I went to my parents house the other day and started looking around my old room. While I was there I started looking through my old books, books I read when I was a teenager and wanted nothing more than to read fantasy and enter other worlds. I looked past the wonders of Paul Stewart's The Edge Chronicles, glanced over bad books I had reviewed on Bookgeeks.com, longed to read the Penguin Classics I had bought with the intention of reading, flicked through Harry Potter and Darren Shan and many other wonderful writers. And as I looked through them I remembered where I was at the time, what my life was like.
I remember reading Darren Shan's Cirque Du Freak when I was holiday in Turkey with my parents. It was a slim novel and I read it in two days, immediately wanting to read the next novel. I picked up Perry Moore's Hero and recalled how I had stayed in my attic office, sprawled out on my sister's futon - I remember rearranging the office that day - and allowing the sun to come through the skylight as I spent the entire day reading it from cover to cover.

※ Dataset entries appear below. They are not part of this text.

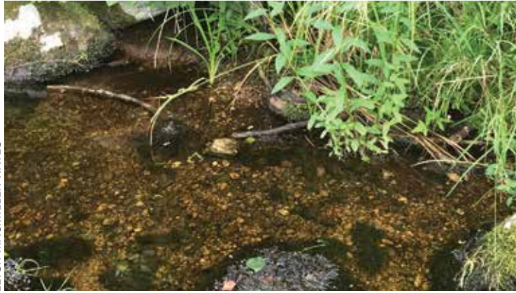
LEIGH MACMILLEN HAYES

Under the heading "A Comprehensive Health Plan for the Kezar Lake Watershed," we will be able fund a research project as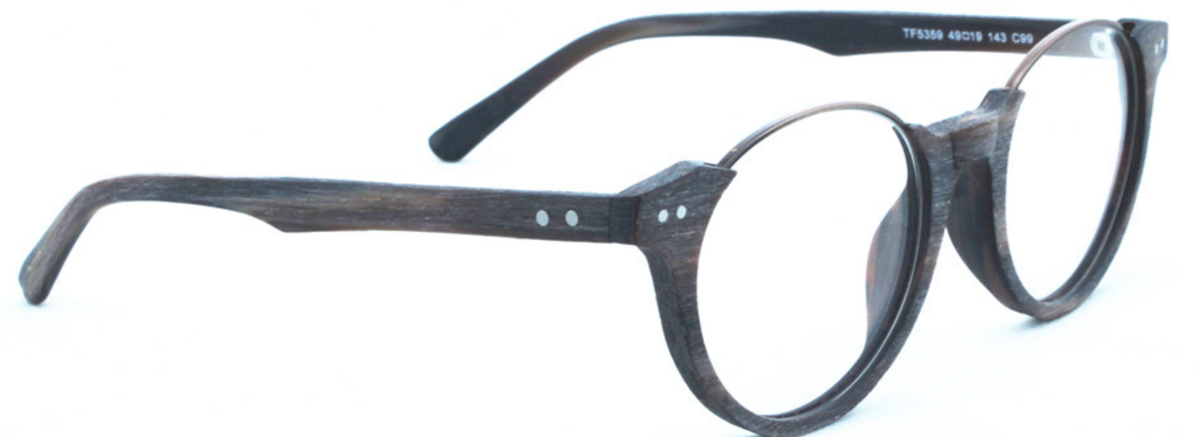
TF5359 C99 (2)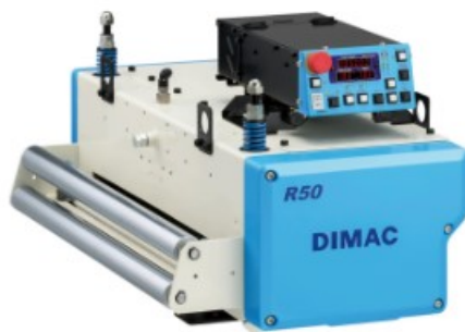
DIMAC R50 - SCHEDA TECNICA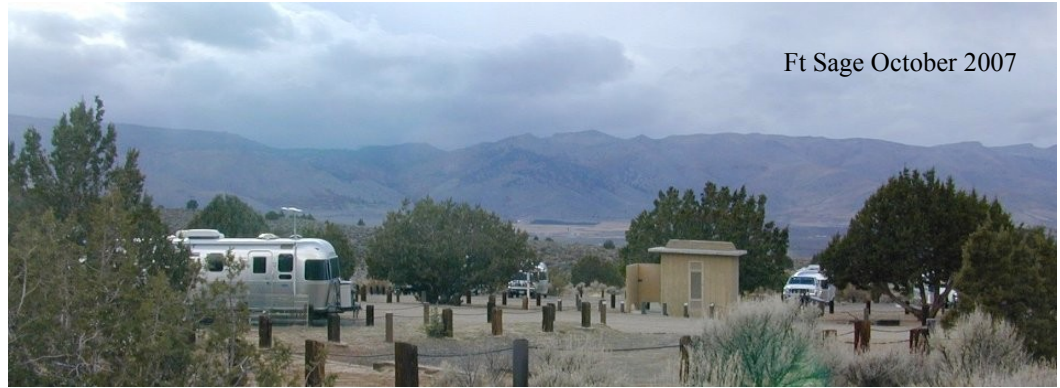
Ft Sage October 2007

For information discussed in this newsletter including the April Rally at Pyramid Lake, please Click Here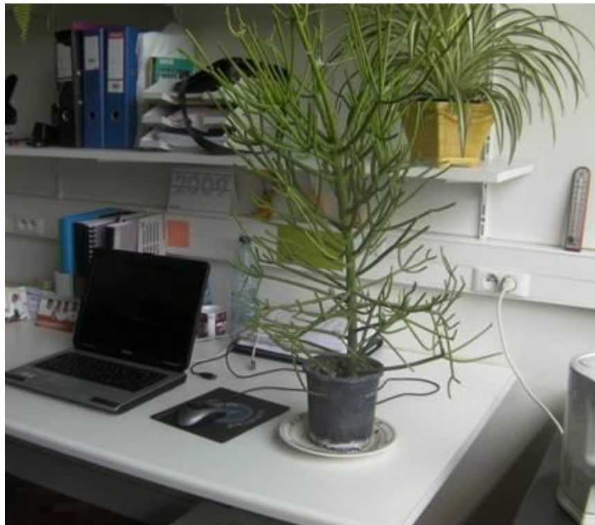
Plate 4. E. tirucalli potted plant as an ornamental.

and swellings. Root scrapings mixed with coconut oil are taken for stomach-ache. In India, Kumar (1999) notes that it is an unavoidable plant in most traditional homesteads and used as a remedy for ailments such as: spleen enlargement, asthma, dropsy, leprosy, biliousness, leucorrhoea, dyspepsia, jaundice, colic, tumors and bladder stones. He further says that although the latex of vesicant and rubifacient is emetic in large doses, it is purgative in small doses and applied against toothaches, earaches, rheumatism, warts, cough, neuralgia and scorpion bites. The same author points out that its branch and root decoctions are administered for colic and gastralgia while ashes are applied as caustic to open abscesses. Duke (1983) and Van Damme (1989) mention that, in Brazil, E. tirucalli is used against cancer, cancrivores, epitheliomas, sarcomas, tumors and warts, although they argue that this has no scientific basis since the same tree is known to be co-carcinogenic. In Malabar (India) and the Moluccas, latex is used as an emetic and anti-syphilitic while in Indonesia, the root infusion is used for aching bones while a poultice of roots or leaves is used to treat nose ulcers, hemorrhoids and extraction of thorns. Wood decoctions are applied against leprosy and hands and feet paralysis following childbirth (Duke, 1983). The same author states that in Java, the plant latex is used to cure skin ailments and bone fractures.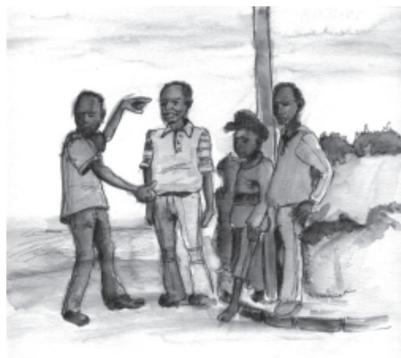
Nairobi, Kenya: © Kanyua/UN-HABITAT

Gangs and groups of young people engaging in delinquent or criminal behaviour are found in most countries. The great majority are male, and in most cases they are in a transition stage. Their formation is often a reaction to exclusion and marginalization in society, and they serve to provide alternative legitimacy and support. They offer acceptance, status, identity and social and recreational opportunities, as well as economic gain. They range from loose social or friendship groups – youths who hangout together - to more organized and structured gangs engaging in unlawful acts such as 'taxing', fighting rival groups, drug dealing or violent crime and intimidation. The latter often have a common style of dress, codes of conduct and language. Gangs of street children, on the other hand, are rather different, since their primary aim is survival, not crime.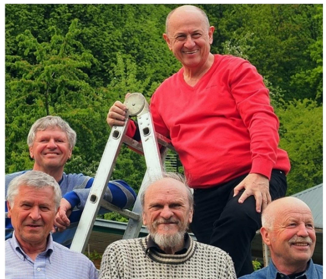
UK2BAS team 1979

The operators recently met after 40 years to reminisce and discuss new challenges.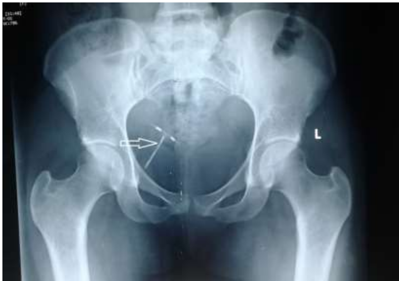
Figure 1: Showing right deviation of IUCD (white arrow) in the pelvis on x –ray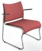
CA-2 A : 18" C : 18" E : 13"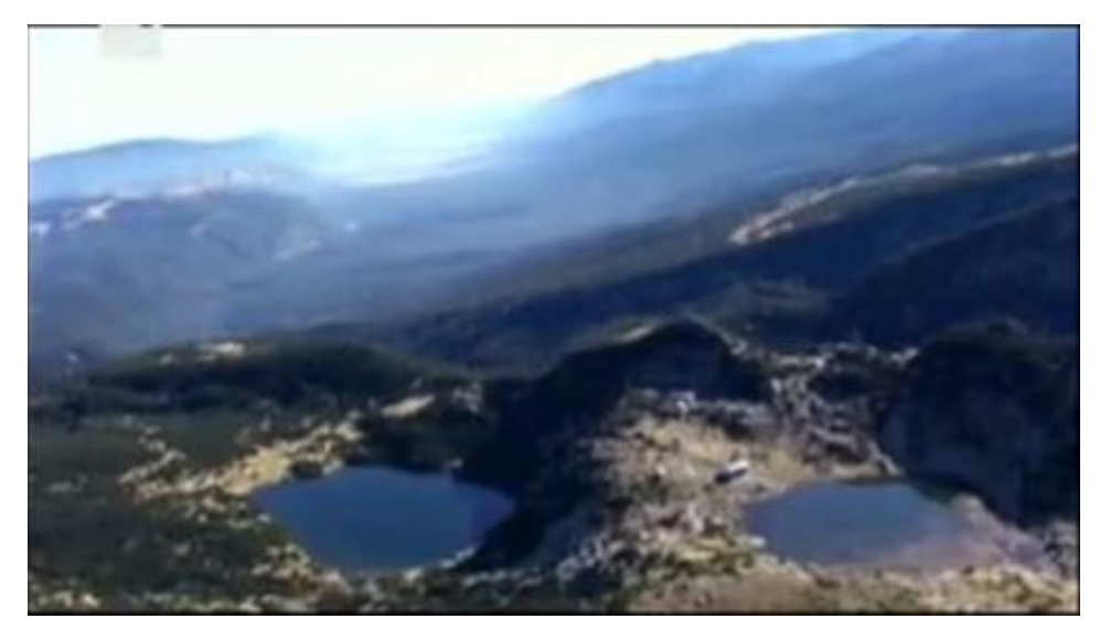
Fig. 1. Two of the Seven Rila Lakes. Film still from The Hamlet Adventure .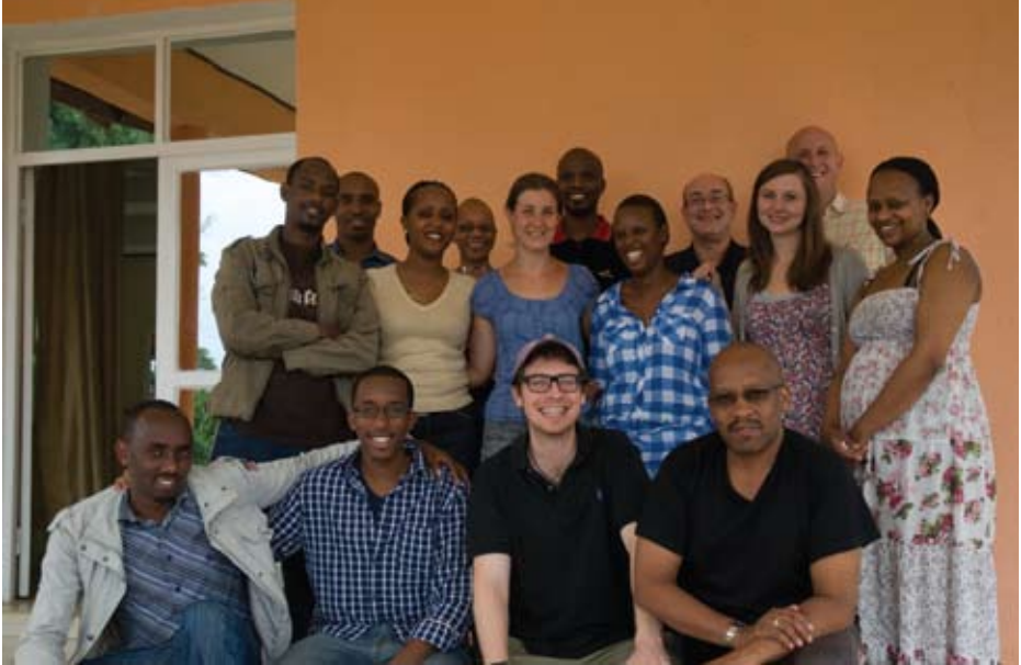
The SURF Rwanda Team with UK Trustees and Chief Executive on Away Day in March 2012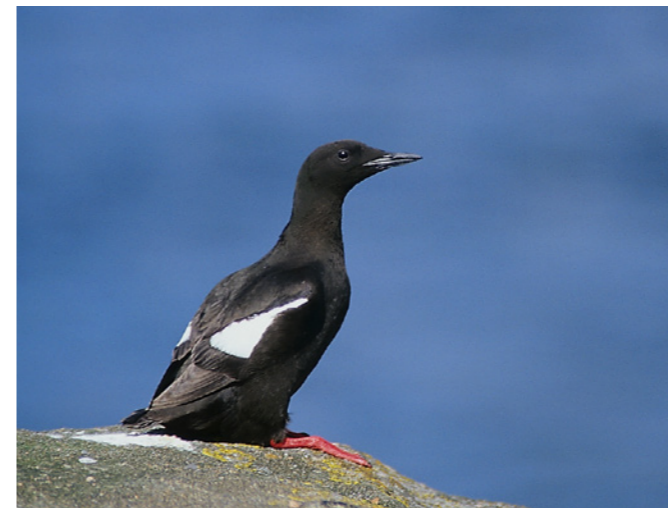
Black guillemot is the signature bird of the island.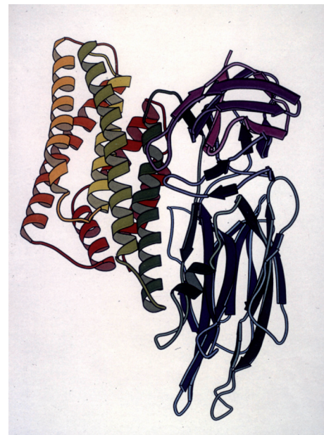
Figure 2. Three-dimensional structure of activated Cry3Aa toxin. Schematic diagram showing the three domains of the protein. (Image courtesy of D.J. Ellar, University of Cambridge, United Kingdom).

tors and this binding is followed by proteolysis, resulting in a conformational change facilitating toxin oligomerization. The resulting oligomers have a higher affinity for the aminopeptidase N-type receptor, and probably for other glycolipid or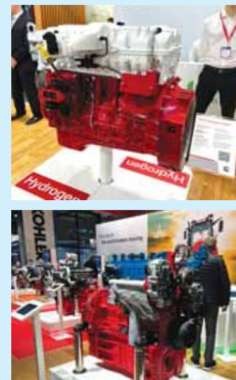
Cummins and Deutz both had Hydrogen engines on display.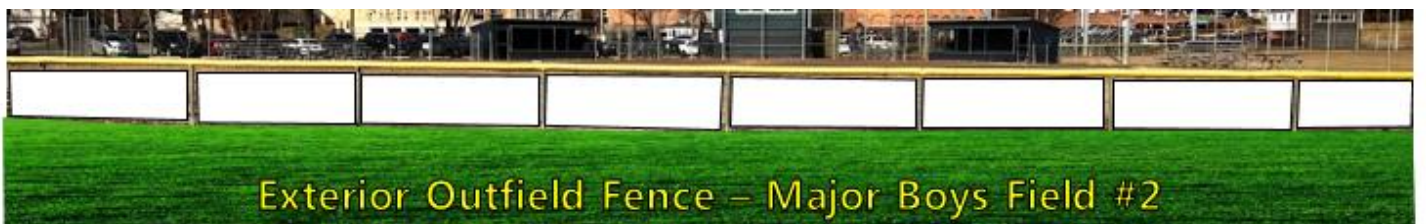
Exterior Outfield Fence – Major Boys Field #2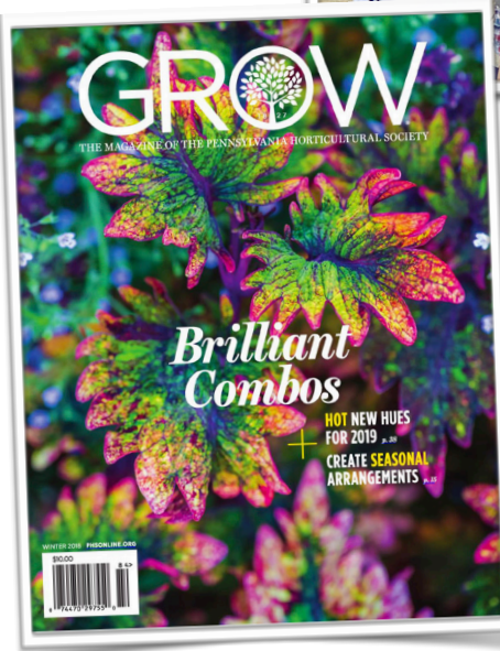
PHS Grow Magazine Winter 2018 Issue Meet Your Match - article contributor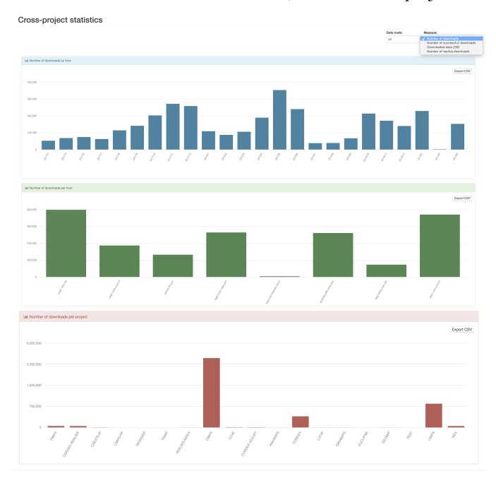
Figure 2. Cross-project view. This view spans across all the registered projects and provides information of key data download metrics over three different dimensions: time, data node and project.

This view provides information about the data downloads (number of downloads, size, number of successful downloads) over three different dimensions: time, data node and project.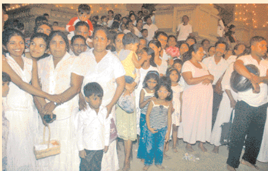
Part of the devotees present to view the procession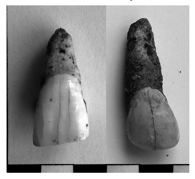
Fig. 5. Smooth root surface on a HRUCI UI1 (right) and irregular surface of a blunt root in a UI2 (left) presenting evidence of hypercementosis.

force resulting in resorption or premature closure of the UI1 radicular apex would have been distributed along the other anterior teeth, particularly in lower incisors to cause shortening of their roots as well. In the sample of Cerro de las Baterías, 158 loose lower incisors (LI1 and LI2) presenting closed apex and intact roots were observed to determine if a similar frequency of shortened roots matched that for UI1. Only three teeth (1.89%) presented apparently short roots, and none of the LI1 and LI2 presented roots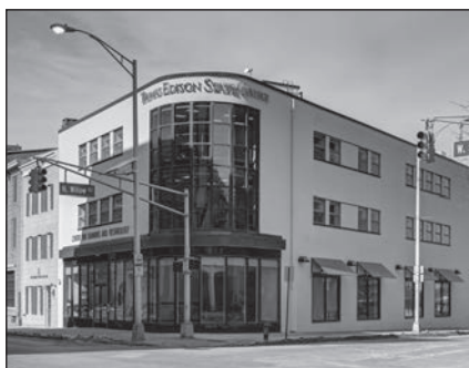
CENTER FOR LEARNING AND TECHNOLOGY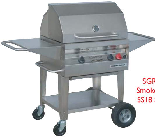
SGR-24 with SGR-H24 Smoke Hood and (2) SGR- SS18 Side Shelves Options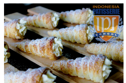
3. Cream Horn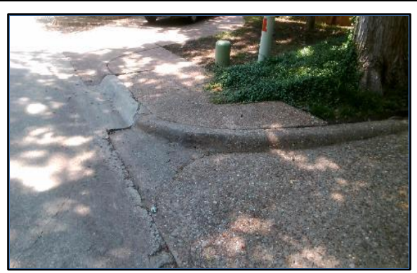
Corner 4 No Ramp (4z)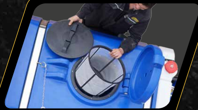
Lockable Hinged Tank Lid with removable Basket Filter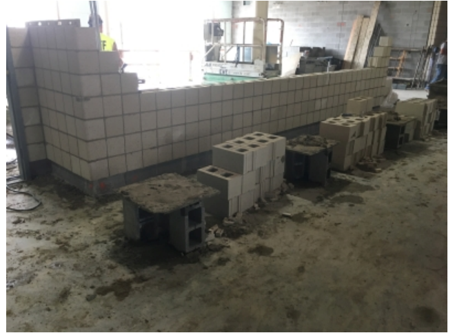
2018.09.17 – East corridor at upper level.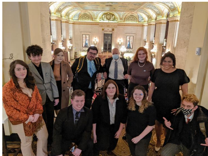
MCLA's 2022 MUN Delegation in Chicago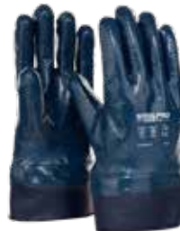
GUANTE NITRILSAFE CUT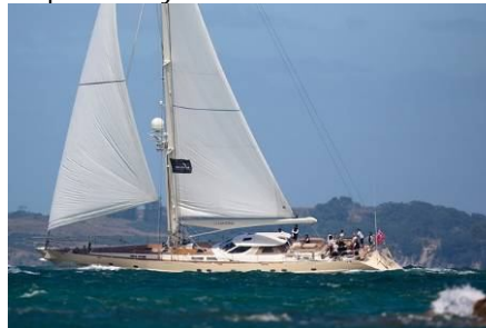
Celandine set a handy pace to take the NZ Marine Cup win on handicap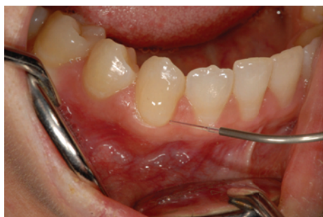
FIGURE 4: GaAlAs laser application (Group 2).

the proposed therapies (e.g., allergies to desensitizing agents) and on the presence of teeth with DH evaluated by pain response to both air and tactile stimuli that were registered by NRS scale (from 0 to 10, where 0 meant the absence of pain and 10 represented an unbearable pain and discomfort felt by the patients in their life); at last no desensitizing therapy had to be previously performed, nor analgesic drugs had to be recently assumed.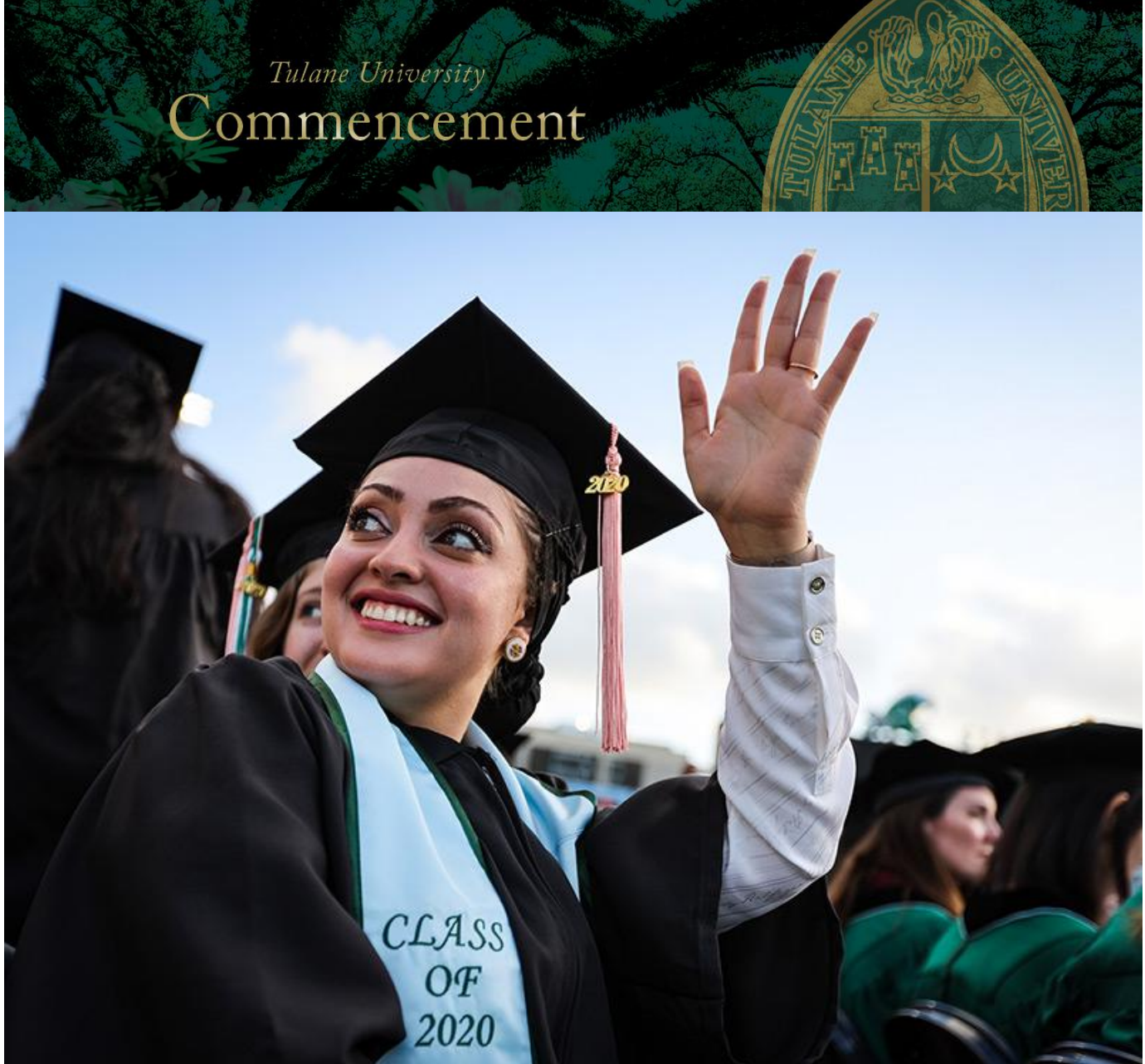
Graduates of the Class of 2020 returned to campus for a Commencement ceremony in Yulman Stadium on April 22, 2022.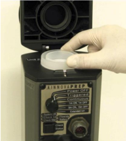
FIGURE 4.12 INSTALLING FILTER CASSETTE

Open the ACD-200 by putting one hand on top of the unit and, grasping the Lid, grip the Release with your other hand and pull the Lid Release straight out. The top will now open on its hinge. Set the filter cassette into the top of the ACD-200 and press it firmly into place, as shown in Figure 4.12. The filter housing is designed to only fit in one way one way. Close the lid and hold it down while pushing the lid latch straight in to lock it in place, as shown in Figures 4.13 and 4.14.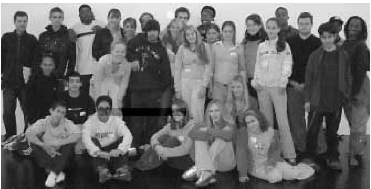
RADA's first Youth Group, ready to go

“ Our outreach programme has led to many graduates returning to extend their training, to share their skills with young people ”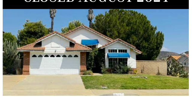
33742 VIEW CREST DR, WILDOMAR 3 BED / 2 BATH / 1,272 SQ. FT LISTING PRICE: $525,000

CLOSED AT: $530,000 SOLD FOR: $5,000 OVER ASKING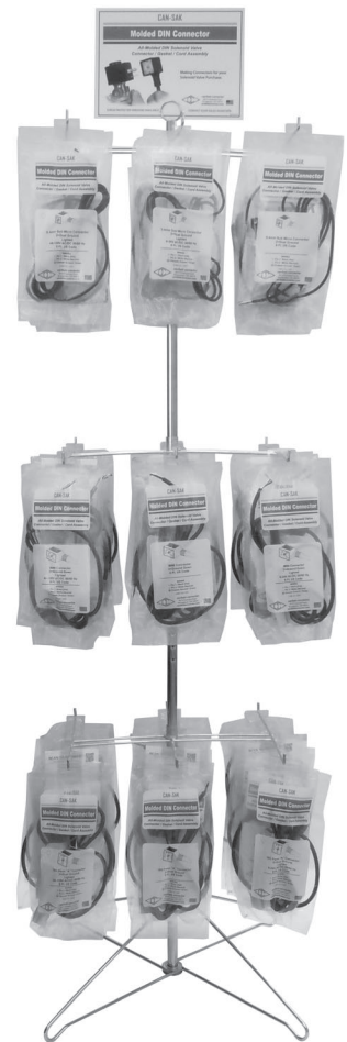
Fully populated rack assembly.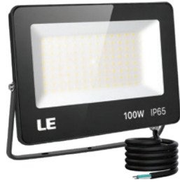
340007-DW-US-2 100 W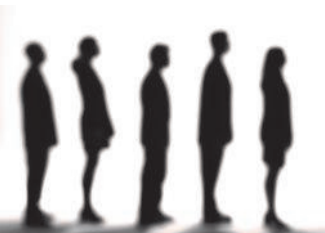
Potential queue for free spleens

UNIVERSAL healthcare has been OK'd in the US, giving the right for millions to moan about waiting lists.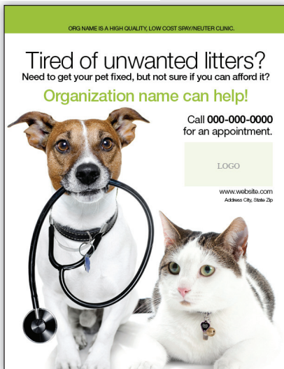
8.5" x 11" 4-Color Flyer

Books - as you write them and read them - are like memory capsules. The minute you pick them up you are thrown into the memories that come with them. Inside the pages and the lines and the words are parts of your life and times you would want to forget or want to relive. While I was in the attic, surrounded by boxes of my papers and old notebooks I picked up a 'novel', for want of a better word, I wrote when I was fifteen. It was a post-apocalyptic novel entitled Shifter that I wrote when I was fifteen - influenced, mainly, by Steven Gould's Jumper. I remember writing it around the same time my prom was coming up and I was banging on the keyboard on a winter's night. I remember beginning the story around the same time my mother was calling me for dinner - which was annoying - and still writing it when I was introduced to The End of Mr. Y and The Gargoyle which my mum brought home from work with her one evening as I was writing said novel.
It's a wonderful thing to be able to open a book and not read the words but merely glance over them, see the black blur and recall the events of your life and the memories that are stored within the page.